INSTRUCTIONS TO FOLLOW:
Without copying any picture, transcribe exactly the lines of the data below from the one containing "British India, George" through the one containing "chain-strap straw fedora".

GIVEN RECORDS:
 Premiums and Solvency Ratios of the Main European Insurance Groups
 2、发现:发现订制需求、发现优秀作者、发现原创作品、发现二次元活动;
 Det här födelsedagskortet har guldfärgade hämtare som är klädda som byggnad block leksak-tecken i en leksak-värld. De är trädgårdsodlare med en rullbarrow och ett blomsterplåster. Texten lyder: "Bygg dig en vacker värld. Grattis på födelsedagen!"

* * *

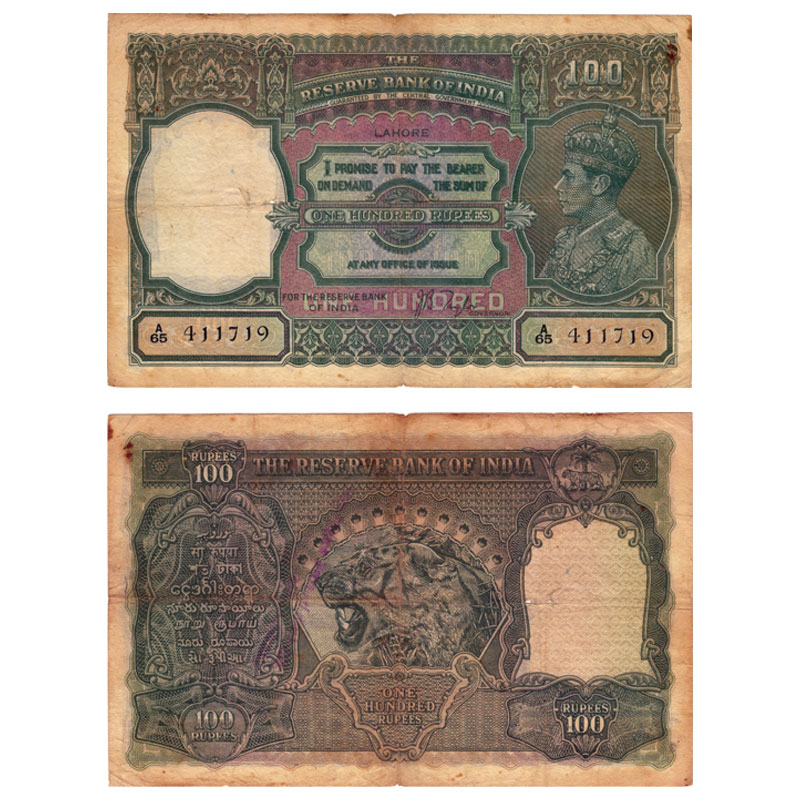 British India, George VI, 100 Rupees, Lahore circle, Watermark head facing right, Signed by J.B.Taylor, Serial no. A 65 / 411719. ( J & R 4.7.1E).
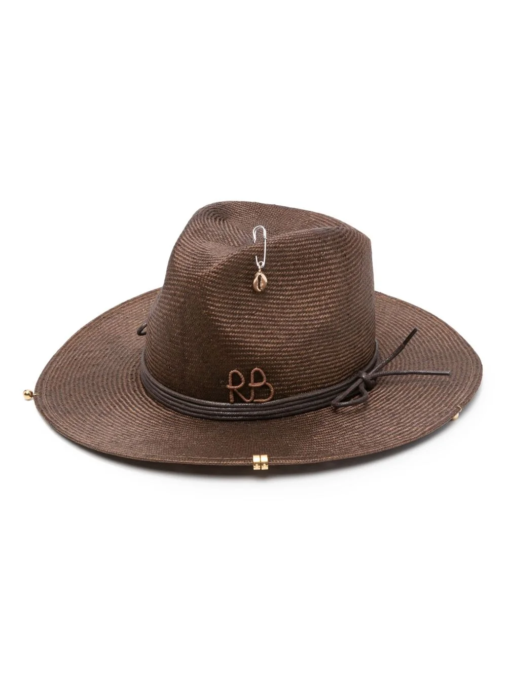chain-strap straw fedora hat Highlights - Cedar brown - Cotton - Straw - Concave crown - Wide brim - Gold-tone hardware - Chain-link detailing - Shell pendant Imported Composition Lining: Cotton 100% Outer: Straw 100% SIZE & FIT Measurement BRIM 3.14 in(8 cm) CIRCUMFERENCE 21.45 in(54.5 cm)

REPLY TO THE TASK:
 British India, George VI, 100 Rupees, Lahore circle, Watermark head facing right, Signed by J.B.Taylor, Serial no. A 65 / 411719. ( J & R 4.7.1E).
chain-strap straw fedora hat Highlights - Cedar brown - Cotton - Straw - Concave crown - Wide brim - Gold-tone hardware - Chain-link detailing - Shell pendant Imported Composition Lining: Cotton 100% Outer: Straw 100% SIZE & FIT Measurement BRIM 3.14 in(8 cm) CIRCUMFERENCE 21.45 in(54.5 cm)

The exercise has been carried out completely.